Non è un caso che lo stupro sia, a tutt’oggi, un’arma nei paesi in guerra. Ed è terribile che l’aggettivo «potente» serva ancora a connotare l’utilizzo concreto del sesso, in un uomo. Anche sodomizzare il nemico è una scena ricorrente nella violenza verbale, nel linguaggio diffuso; ma, forse, generalmente, non così virile e invogliante quanto abbassare, involgarire, contenere, una donna «potente» di gentile aspetto. (Finché magari non arriva il commentatore più “scaltro” e non decide che quella donna non è di gentile aspetto, per esempio: in tal caso, fine del problema).

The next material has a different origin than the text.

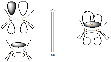(3). ALKENES AND ALKYNES: With unsaturated molecules, π-π* transitions become possible. These transitions are of rather high energy as well, but their positions are sensitive to the presence of substitution, as well be clear later , alkenes absorb around 175nm and alkynes absorb 170 nm Figure 1.3 shows this types of transitions.

Fatalità ha voluto che, proprio in questi giorni, io m’imbattessi in alcune belle lettere d’amore edite Bompiani. Una settimana fa, dopo aver chiuso la bozza del mio piccolo documentario su Anaïs Nin, avevo rivisto il film (dedicato proprio a questa meravigliosa narratrice erotica) Henry and June, che racconta la passione tra Anaïs Nin e lo scrittore Henry Miller. Nel film, a un certo punto Henry (interpretato da Fred Ward) e Anaïs (Maria De Mederos) si dicono cose curiose mentre fanno l’amore. «Voglio insegnarti cose – sospira lui – . Involgartirti un po’. Umiliarti un po’». Magnetizzata da una dichiarazione d’amore (e quella lo era) così perversa, mi sono chiesta se quelle parole avessero abitato anche le lettere originali di Henry ad Anaïs; e la risposta è nel libroAnaïs Nin, Henry Miller – Storia di una passione (Bompiani). Nella lettera che Henry scrisse alla sua amante a Louveciennes (Parigi) il 21 marzo 1932, si legge proprio così:
«Sì, Anaïs, pensavo proprio come fare a tradirti, ma non ci riesco. Voglio te. Voglio spogliarti, involgarirti un tantino, ah, non so quello che dico. […] Voglio possederti, usarti […]. No, non ti apprezzo. Dio me ne guardi! Forse voglio addirittura umiliarti un tantino – ma perché? Perché non mi getto in ginocchio e non mi limito ad adorarti? Non posso. Ti amo in allegria».
La novità non è che, anche in clima di profondo sentimento, sodalizio intellettuale, (come si vede) venerazione culturale,amore, si confessi l’istinto “allegramente” animale di disarmare l’oggetto del desiderio con sconcezze e sozzure. La novità è, tutt’al più, aver scrutato in questi giorni due contesti così diversi dellastessa cosa: la ferocia boscaiola e crudele, ma dai risvolti fragilissimi, che il maschio si è sempre sentito dentro. Finché ti adoro non posso amarti, è il messaggio un po’ scherzoso di Henry Miller. E io voglio amarti, mica adorarti. Se ti adoro, non posso fondermi con te. Non io che sono fatto di questa materia imperfetta, rude, rattrappita, inferiore. Non con te: farfalla bellissima in una teca di cristallo. Devo abbassarti, trascinarti nella prosa e nella terra. Io sono già tuo, ma solo “umiliandoti” potrò sperare di farti mia.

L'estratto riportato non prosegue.